Mrs Malgas observed all his doings, secretly at first, and then more openly as it became apparent that her presence made no impression on him. She took to perching on a stool behind the net curtain in the lounge, knitting, flipping through a magazine, turning questions about his motives over in her mind as if they were cards. She didn’t like him. Specifically, she didn’t like the way he jiggled his head and the way he hitched up his pants with his thumbs, which he stuck into his pockets, fanning out his fingers as if he didn’t want to dirty the cloth. She didn’t like his jaunty gait and his drifting off and staring into space. More generally, she didn’t like to think that he had come for no other purpose than to upset her and turn things upside-down. She didn’t like to think about him at all.

So she distracted herself by making inventories of her knickknacks: copper ashtray, Weltevreden coat of arms (wildebeest rampant).
Wicker basket, yellow, a-tisket. Figurines, viz. cobbler, gypsy, ballerina, plumber, horologist, Smurf. Paperweight, guineafowl feather. Paperweight, rose. Paperweight, Merry Pebbles Holiday Chalets. Cake-lifter, Continental China, coronation centenary crockery, crenate, crumbs. However. Spatula. Just as things were starting to become interesting. Mug. As day followed day. Doll. As day follows night. Puppy-dog. As night follows day, sure enough, she found herself drawn back to the window.
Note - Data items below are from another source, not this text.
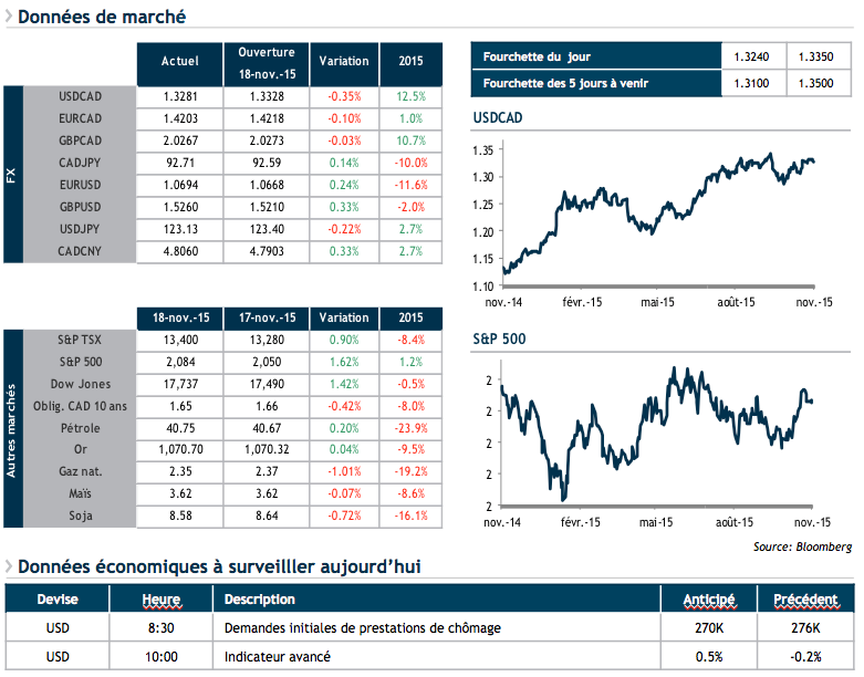 La journée d’hier fut marquée par la publication du procès-verbal de la dernière réunion de politique monétaire de la Réserve fédérale américaine. La publication a confirmé qu’une majorité des membres avait déjà, en octobre dernier, une opinion relativement positive quant à l’économie américaine et que les conditions pourraient être favorables à une hausse des taux. Plus récemment, dans leurs discours respectifs, les membres du comité n’ont pas contredit cette thèse. Enfin, à moins d’une surprise, il semble qu’après tout la Fed prépare effectivement une légère augmentation du taux directeur en décembre.
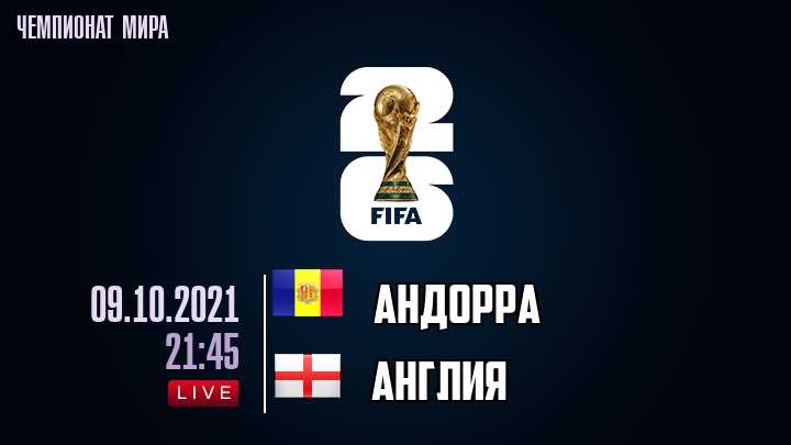 На данный момент в турнирной таблице Чемпионата мира по футболу Андорра занимает 1-е место, а Англия занимает 1-е место .
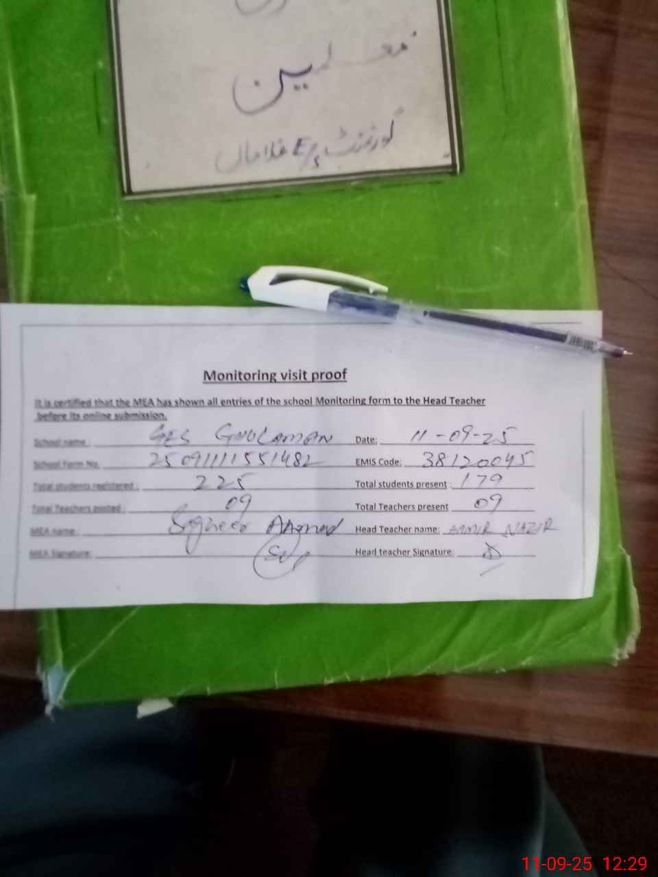 | EMIS Code: 38120045 | Name of School: GHS GHULAMAN | |||
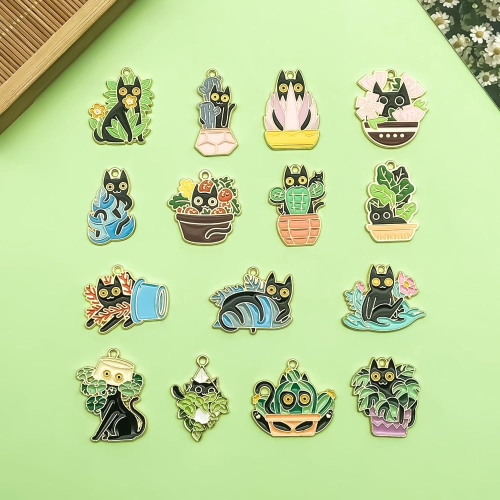 Sailanzi 30pcs Alloy enamel cat series Pendant Jewelry Making DIY Keychain Earrings Pendant Various Design Charms for Jewelry Making Bracelets Necklace (SN723)
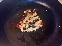 平底锅下少量油,放入蒜米与干辣椒爆香。
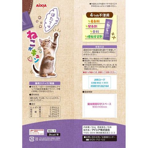 | 鶏むね肉、でん粉、フィッシュエキス、ほたてパウダー |
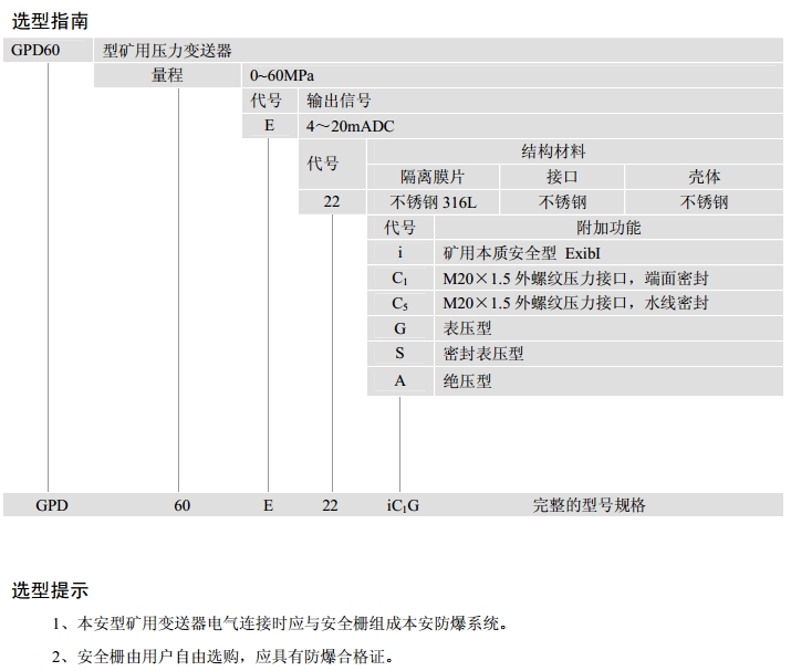 詳細(xì)信息 GPD60E-22,礦用壓力變送器
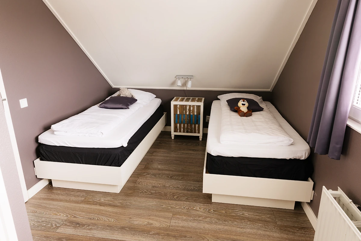 Tweede slaapkamer met drie eenpersoonsbedden (elk 90 x 200 cm) – ideaal voor kinderen of meereizende vrienden
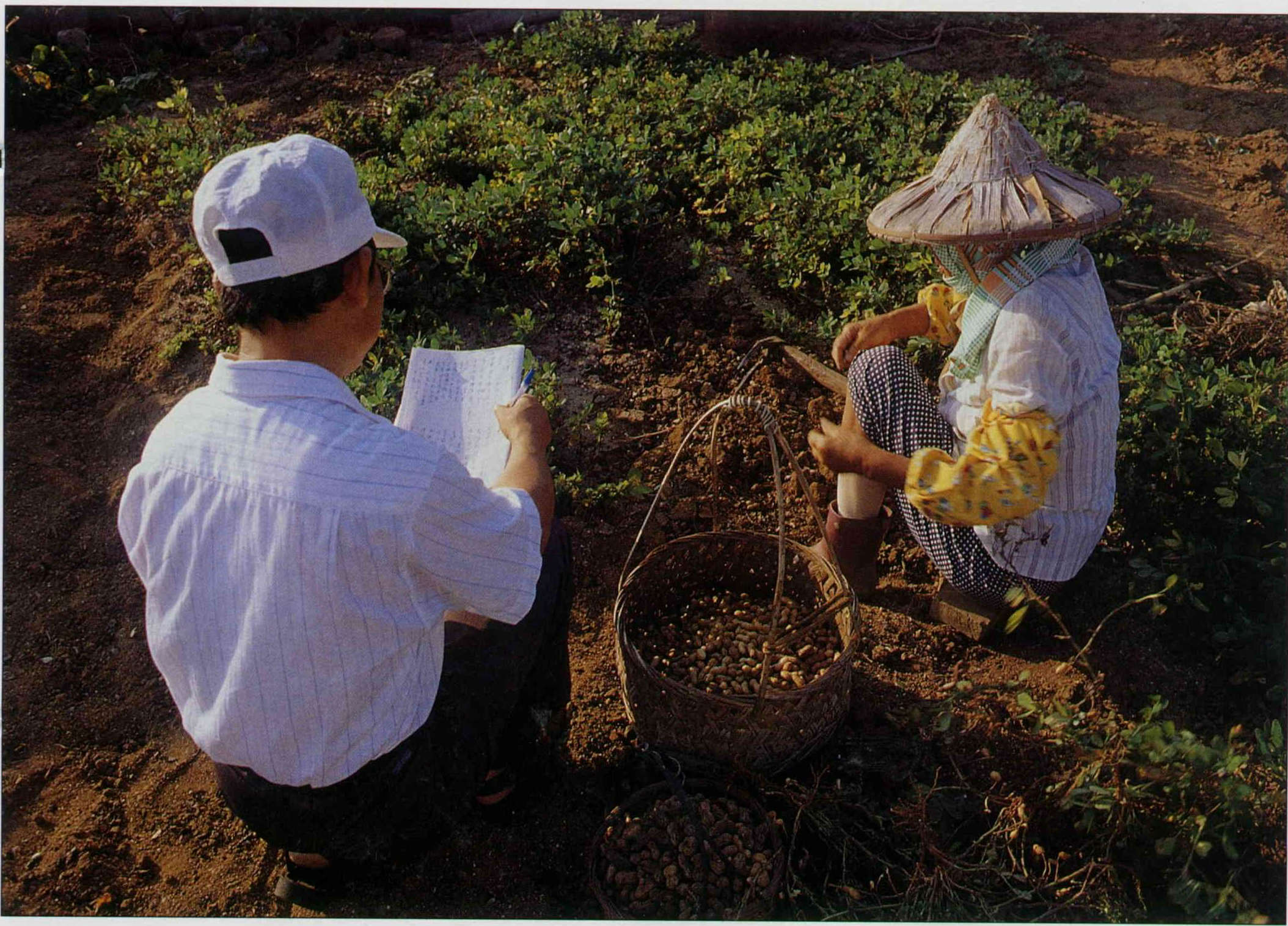 「選婆仔,來找你褒歌啦」,洪敏聰說明來意,就蹲下來幫忙「翻花生」——翻揀採收遺落的零散花生。「歌是腹裡褒,心肝不清怎麼褒?」夕陽金光照得阿婆直流眼油。洪敏聰聽了也就不再提褒歌,一邊幫忙一邊和阿婆聊這花生怎麼這麼多空心莢,高粱如何去殼,怎麼煮來吃。個把鐘頭過去,洪敏聰就著眼前花生順口褒起幾首有花生的歌。
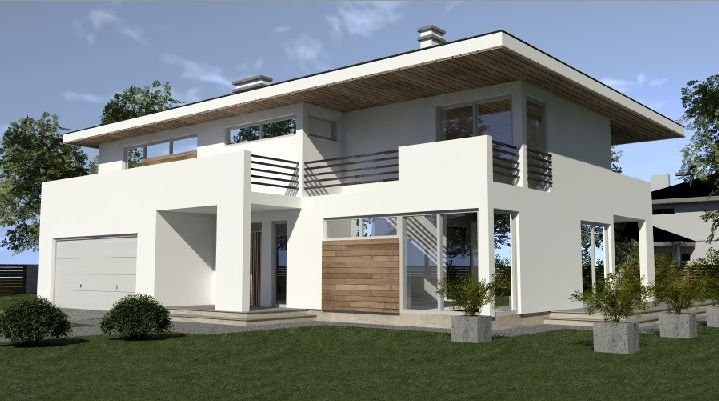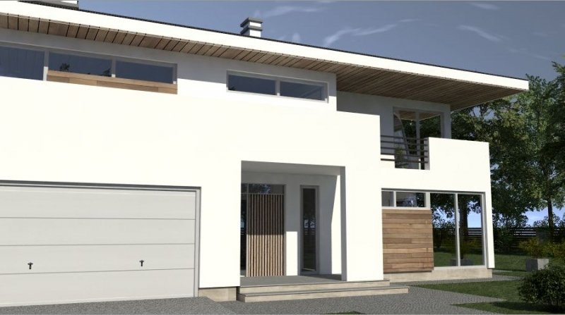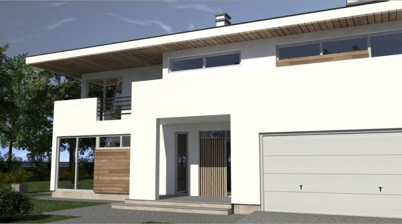 Projekt willi miejskiej o architekturze współczesnej. Parter domu tworzy otwartą przestrzeń na którą składa sie duży salon i kuchnia z jadalnią. Kuchnia w stylu nowoczesnym z miejscem na wolnostojącą "wyspę". Z jadalni jest wyjście na zadaszony taras. Piętro domu ma charakter strefy nocnej, w skład której wchodzą trzy sypialnie. Dom posiada wbudowany garaż na dwa samochody osobowe. Projekt z garażem jednostanowiskowym jest dostępny pod symbolem AN 006.
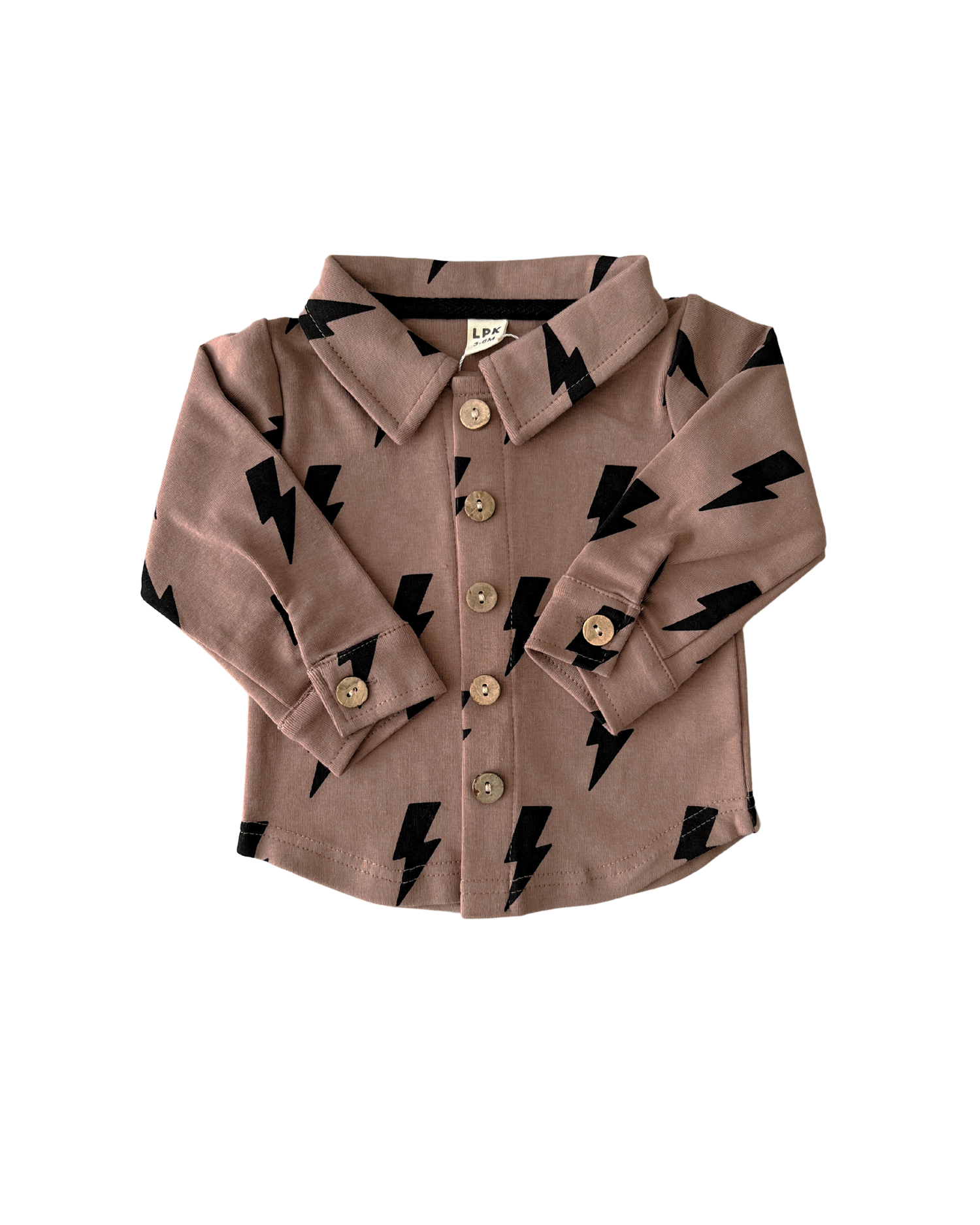 Shacket | Mocha Bolts - 0-3M is backordered and will ship as soon as it is back in stock.

Nieuwenhuizen’s wanderings over the veld, as much as they annoyed her, reassured her too by their aimlessness. They made him seem indecisive, ineffectual and itinerant. But when he settled down under the tree to hammer beer tins into soup-plates, to tinker with fragments of pottery and polystyrene, to plait ribbons of plastic into ropes, to carve and whittle and twist, to hammer holes through and bind together, it seemed that he was practising for something bigger, it became conceivable that he really would build a house next door, a house in the contemporary style made entirely of recycled material, a disposable, three-bedroomed family home held together by the dowels of his own ramshackle purpose, and that he would occupy it, permanently – and this prospect made her feel utterly despondent.